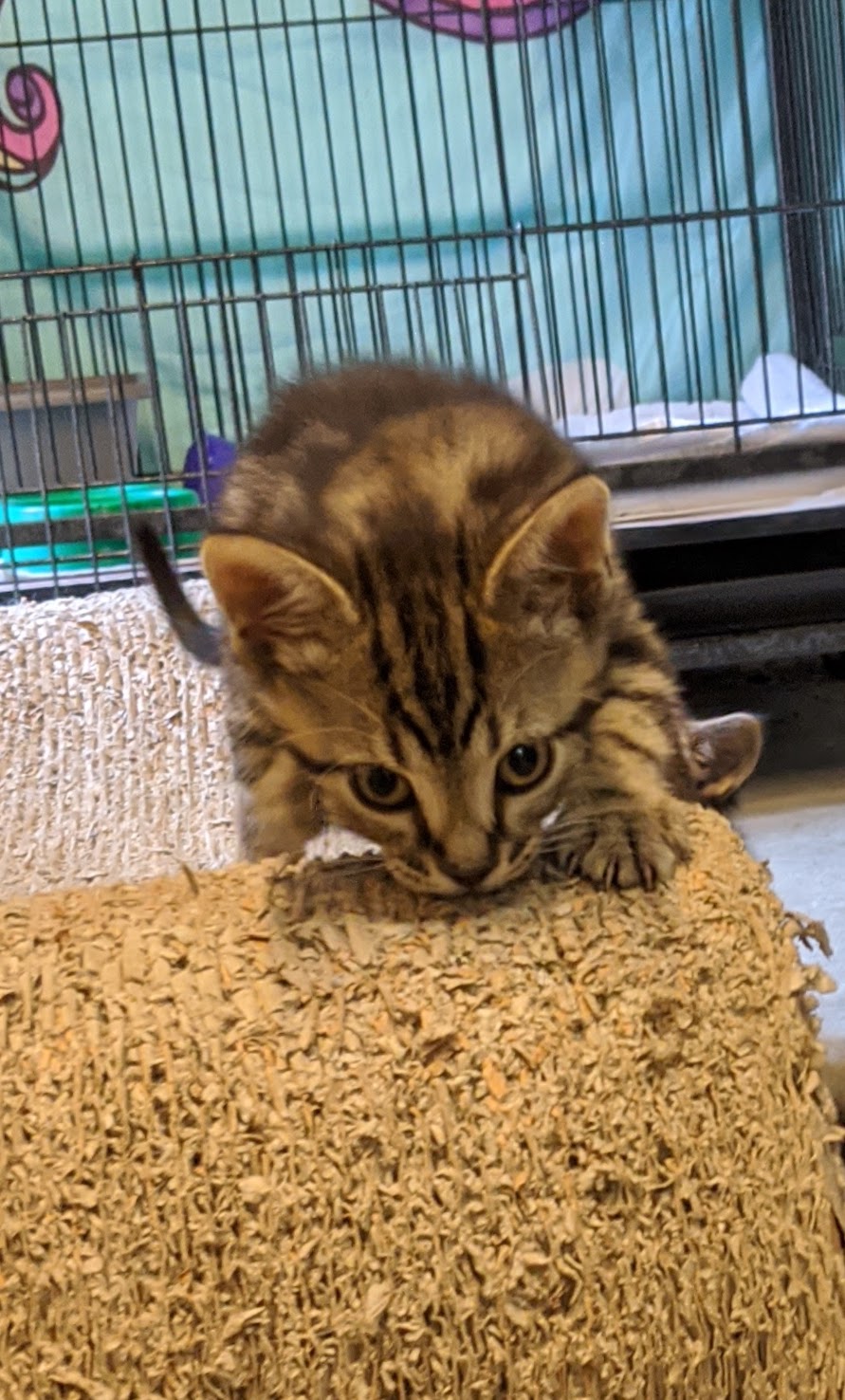 Freddy and his siblings were found in a roof on a construction site. Sadly their mum never came back so one of the nurses hand raised them from about 10 days old. They all love people and love to play. Their foster mum dubbed them the mitten force 5 and she will be very sad to see them go.
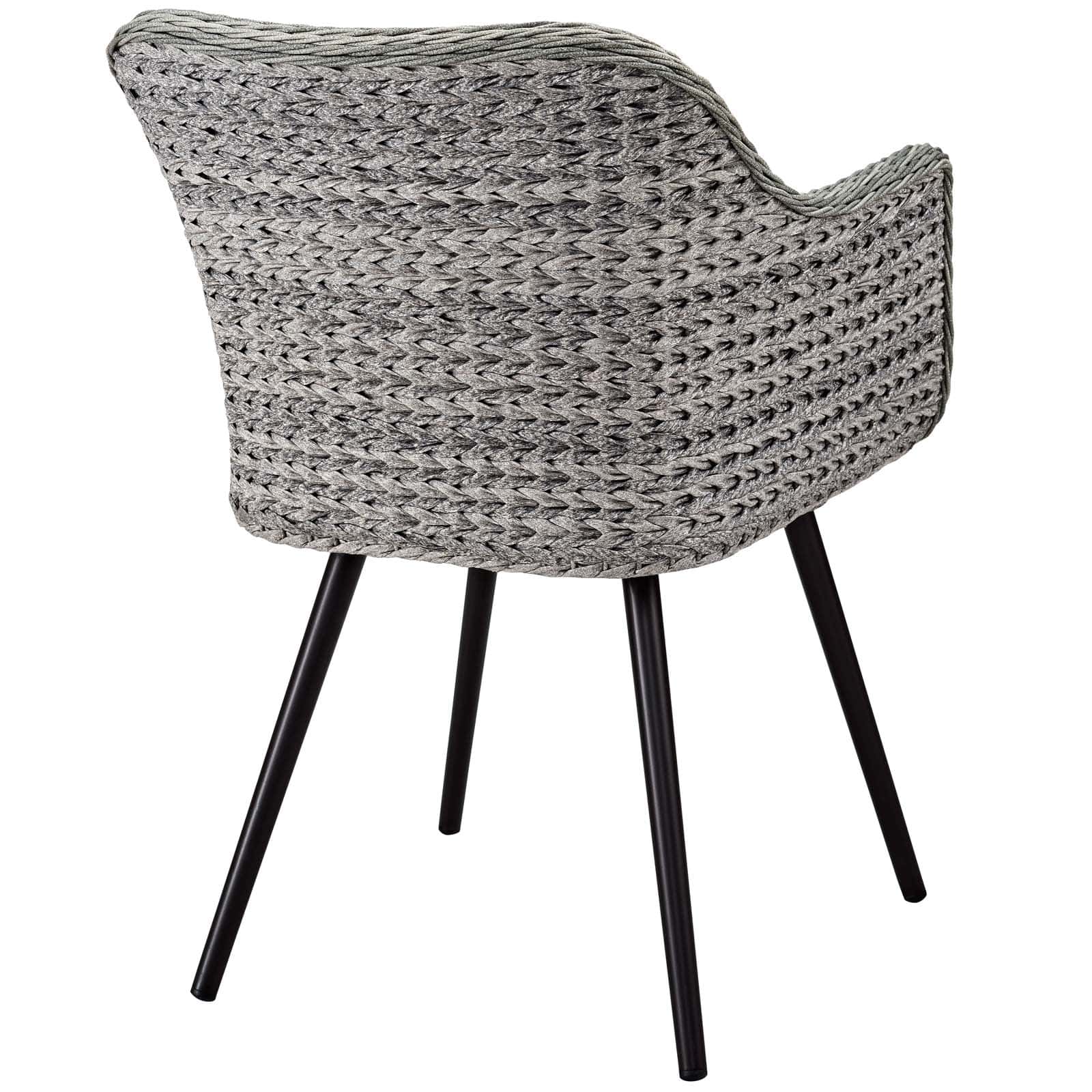 Gather family and friends to indulge in good weather and a premium lounge experience with the Endeavor Outdoor Patio Collection. Sporting a stylish contemporary modern look, Endeavor Patio Dining Armchair features waterproof, black powder-coated aluminum legs and non-marking foot caps. A designer gray-on-gray tone synthetic rattan weave perfect for enhancing al fresco dining in the balcony, garden, backyard, and patio make Endeavor Outdoor Dining Armchair a vital outdoor decor piece. This dining armchair comes with all-weather cushions and offers long-lasting comfort when relaxing or entertaining.
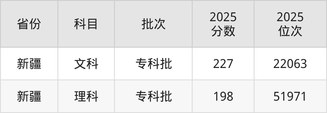 理科最低分对应地区为新疆,录取位次为51971,超专科线58分。
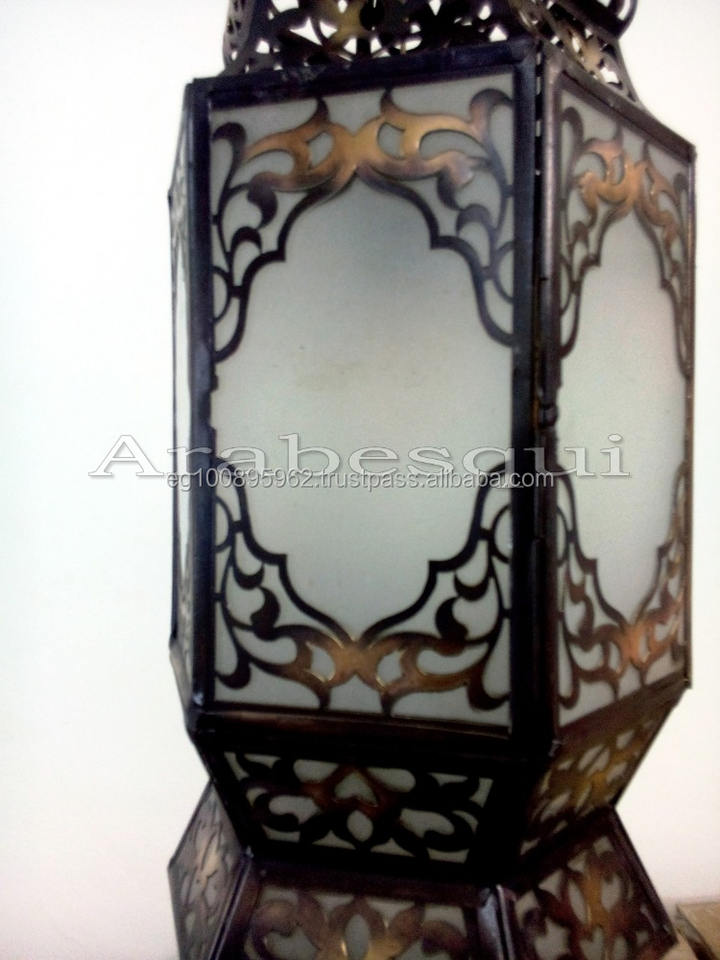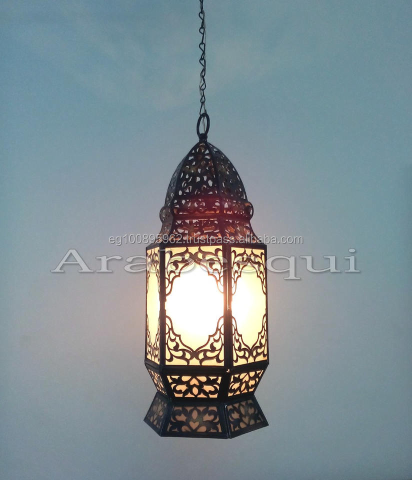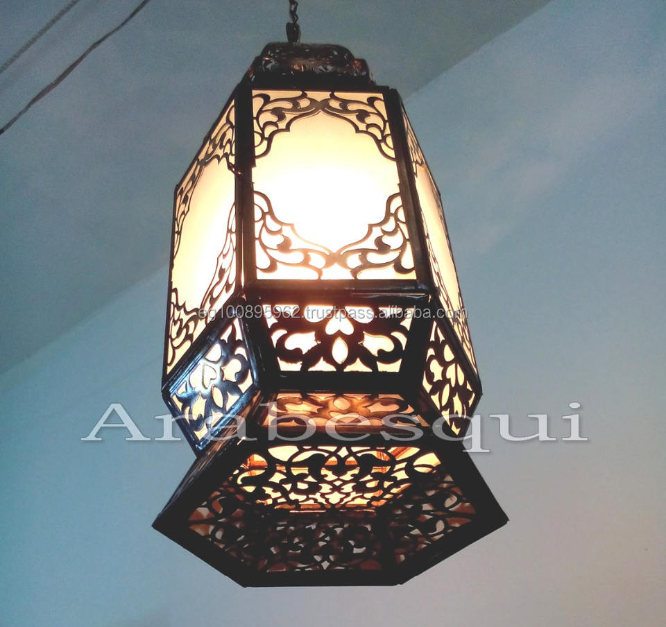 B221 Moroccan Style Modern Traditional Large Hexagonal Pendant Light Brass Copper Iron White Frosted Chandeliers Pendant Lights
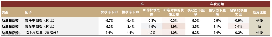 图表27:动量和反转因子轮动速度分域IC和超额统计
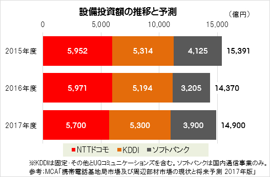 モバイルキャリア3社の設備投資額、2017年度は530億円増を見込む
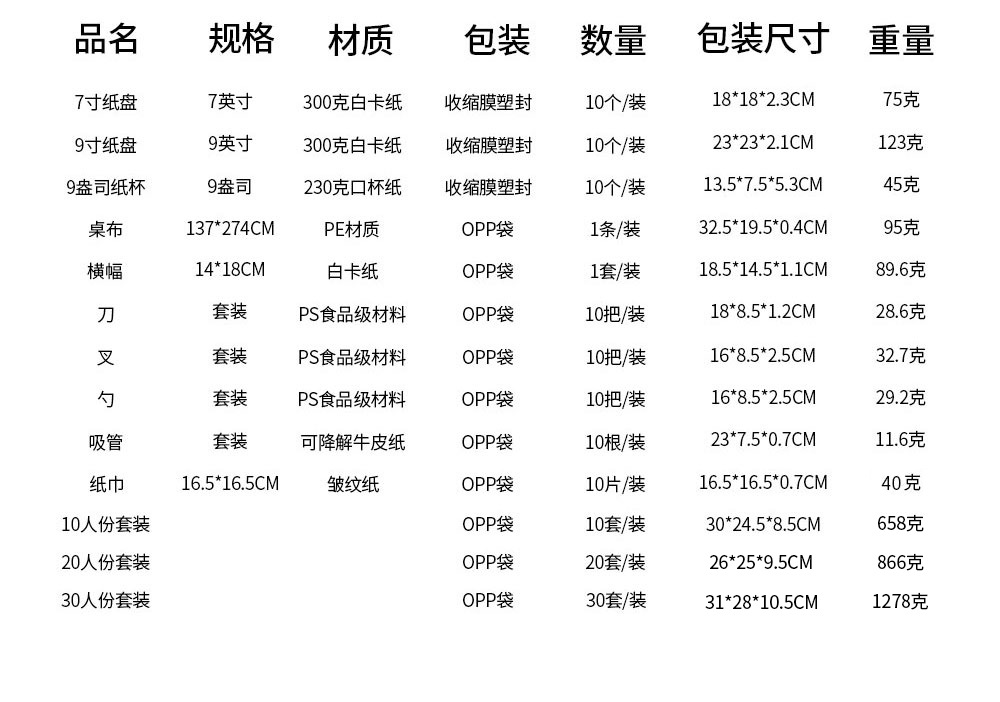颜色 7寸10个装纸盘,9寸10个装纸盘,10个装纸杯,10根装吸管,20张装纸巾,10个装叉,10个装刀,10个装勺,10人份10件套,20人份10件套,30人份10件套,桌布1条,拉旗1条
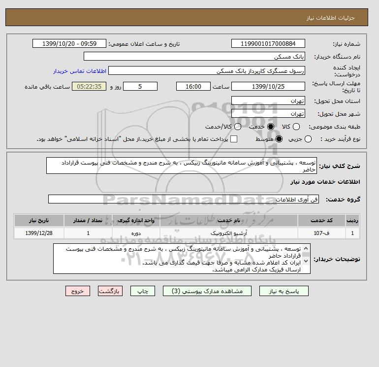 توضیحات خریدار:توسعه ، پشتیبانی و آموزش سامانه مانیتورینگ زبیکس ، به شرح مندرج و مشخصات فنی پیوست قراراداد حاضر
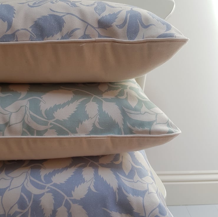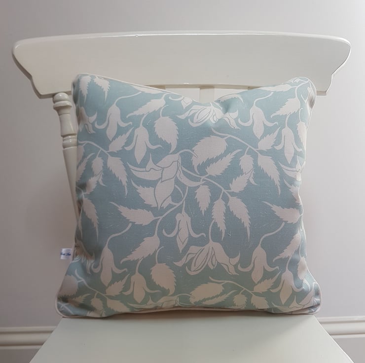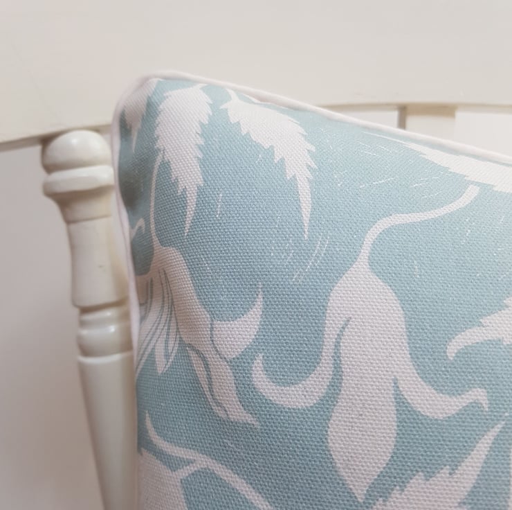 A pretty and fresh cushion made in my green Alpina fabric. This cushion measures approximately 42cm x 42cm, has a cream piped edge and comes complete with a luxury feather insert. Calico backed with a velco fastening.
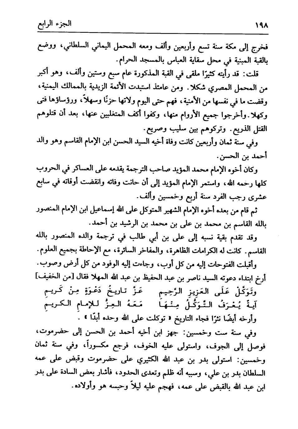 فَخرج إِلَى مَكَّة سنة تسع وَأَرْبَعين وَألف وَمَعَهُ الْمحمل الْيَمَانِيّ السلطاني وَوضع بالقبة المبنية فِي مَحل سِقَايَة الْعَبَّاس بِالْمَسْجِدِ الْحَرَام قلت قد رَأَيْته كثيرا ملقى فِي الْقبَّة الْمَذْكُورَة عَام سبع وَسِتِّينَ وَألف وَهُوَ أكبر من الْمحمل الْمصْرِيّ شكلاً وَمن عامئذ استبدت الْأَئِمَّة الزيدية بالممالك اليمنية وقضت مَا فِي نَفسهَا من الأمنية فهم حَتَّى الْيَوْم ولاتها حزنا وسهلا ورؤساؤها فَتى وكهلا وأخرجوا جَمِيع الأورام مِنْهَا وَكفوا أكف المتغلبين عَنْهَا بعد أَن قتلوهم الْقَتْل الذريع وتركوهم بَين سليب وصريع وَفِي سنة ثَمَان وَأَرْبَعين كَانَت وَفَاة أَخِيه السَّيِّد الْحسن ابْن الإِمَام الْقَاسِم وَهُوَ وَالِد أَحْمد بن الْحسن وَكَانَ أَخُوهُ الإِمَام مُحَمَّد الْمُؤَيد صَاحب التَّرْجَمَة يقدمهُ على العساكر فِي الحروب كلهَا رَحمَه الله وَاسْتمرّ الإِمَام مُحَمَّد الْمُؤَيد إِلَى أَن حانت وَفَاته وَانْقَضَت أوقاته فِي سَابِع عشري رَجَب الْفَرد سنة أَربع وَخمسين وَألف ثمَّ قَامَ من بعده أَخُوهُ الإِمَام الشهير المتَوَكل على الله إِسْمَاعِيل ابْن الإِمَام الْمَنْصُور بِاللَّه الْقَاسِم بن مُحَمَّد بن عَليّ بن مُحَمَّد بن الرشيد بن أَحْمد وَقد تقدم بَقِيَّة نسبه إِلَى عَليّ بن أبي طَالب فِي تَرْجَمَة وَالِده الْمَنْصُور بِاللَّه الْقَاسِم كَانَت لَهُ الكرامات الظَّاهِرَة والمفاخر السائرة مَعَ الْإِحَاطَة بِجَمِيعِ الْعُلُوم وَأَقْبَلت الفتوحات إِلَيْهِ من كل أَوب وَجَاءَت إِلَيْهِ الْوُفُود من كل أَرض وَصوب أرخ ابْتِدَاء دَعوته السَّيِّد نَاصِر بن عبد الحفيظ بن عبد الله المهلا فَقَالَ // (من الْخَفِيف) //
=-=-=
TASK INSTRUCTIONS —
The records above should be repeated exactly, with no pictures in the copy.

RESPONSE FOR THIS EXERCISE —
 Freddy and his siblings were found in a roof on a construction site. Sadly their mum never came back so one of the nurses hand raised them from about 10 days old. They all love people and love to play. Their foster mum dubbed them the mitten force 5 and she will be very sad to see them go.
 Gather family and friends to indulge in good weather and a premium lounge experience with the Endeavor Outdoor Patio Collection. Sporting a stylish contemporary modern look, Endeavor Patio Dining Armchair features waterproof, black powder-coated aluminum legs and non-marking foot caps. A designer gray-on-gray tone synthetic rattan weave perfect for enhancing al fresco dining in the balcony, garden, backyard, and patio make Endeavor Outdoor Dining Armchair a vital outdoor decor piece. This dining armchair comes with all-weather cushions and offers long-lasting comfort when relaxing or entertaining.
 理科最低分对应地区为新疆,录取位次为51971,超专科线58分。
 B221 Moroccan Style Modern Traditional Large Hexagonal Pendant Light Brass Copper Iron White Frosted Chandeliers Pendant Lights
 图表27:动量和反转因子轮动速度分域IC和超额统计
 モバイルキャリア3社の設備投資額、2017年度は530億円増を見込む
颜色 7寸10个装纸盘,9寸10个装纸盘,10个装纸杯,10根装吸管,20张装纸巾,10个装叉,10个装刀,10个装勺,10人份10件套,20人份10件套,30人份10件套,桌布1条,拉旗1条
 توضیحات خریدار:توسعه ، پشتیبانی و آموزش سامانه مانیتورینگ زبیکس ، به شرح مندرج و مشخصات فنی پیوست قراراداد حاضر
 A pretty and fresh cushion made in my green Alpina fabric. This cushion measures approximately 42cm x 42cm, has a cream piped edge and comes complete with a luxury feather insert. Calico backed with a velco fastening.
 فَخرج إِلَى مَكَّة سنة تسع وَأَرْبَعين وَألف وَمَعَهُ الْمحمل الْيَمَانِيّ السلطاني وَوضع بالقبة المبنية فِي مَحل سِقَايَة الْعَبَّاس بِالْمَسْجِدِ الْحَرَام قلت قد رَأَيْته كثيرا ملقى فِي الْقبَّة الْمَذْكُورَة عَام سبع وَسِتِّينَ وَألف وَهُوَ أكبر من الْمحمل الْمصْرِيّ شكلاً وَمن عامئذ استبدت الْأَئِمَّة الزيدية بالممالك اليمنية وقضت مَا فِي نَفسهَا من الأمنية فهم حَتَّى الْيَوْم ولاتها حزنا وسهلا ورؤساؤها فَتى وكهلا وأخرجوا جَمِيع الأورام مِنْهَا وَكفوا أكف المتغلبين عَنْهَا بعد أَن قتلوهم الْقَتْل الذريع وتركوهم بَين سليب وصريع وَفِي سنة ثَمَان وَأَرْبَعين كَانَت وَفَاة أَخِيه السَّيِّد الْحسن ابْن الإِمَام الْقَاسِم وَهُوَ وَالِد أَحْمد بن الْحسن وَكَانَ أَخُوهُ الإِمَام مُحَمَّد الْمُؤَيد صَاحب التَّرْجَمَة يقدمهُ على العساكر فِي الحروب كلهَا رَحمَه الله وَاسْتمرّ الإِمَام مُحَمَّد الْمُؤَيد إِلَى أَن حانت وَفَاته وَانْقَضَت أوقاته فِي سَابِع عشري رَجَب الْفَرد سنة أَربع وَخمسين وَألف ثمَّ قَامَ من بعده أَخُوهُ الإِمَام الشهير المتَوَكل على الله إِسْمَاعِيل ابْن الإِمَام الْمَنْصُور بِاللَّه الْقَاسِم بن مُحَمَّد بن عَليّ بن مُحَمَّد بن الرشيد بن أَحْمد وَقد تقدم بَقِيَّة نسبه إِلَى عَليّ بن أبي طَالب فِي تَرْجَمَة وَالِده الْمَنْصُور بِاللَّه الْقَاسِم كَانَت لَهُ الكرامات الظَّاهِرَة والمفاخر السائرة مَعَ الْإِحَاطَة بِجَمِيعِ الْعُلُوم وَأَقْبَلت الفتوحات إِلَيْهِ من كل أَوب وَجَاءَت إِلَيْهِ الْوُفُود من كل أَرض وَصوب أرخ ابْتِدَاء دَعوته السَّيِّد نَاصِر بن عبد الحفيظ بن عبد الله المهلا فَقَالَ // (من الْخَفِيف) //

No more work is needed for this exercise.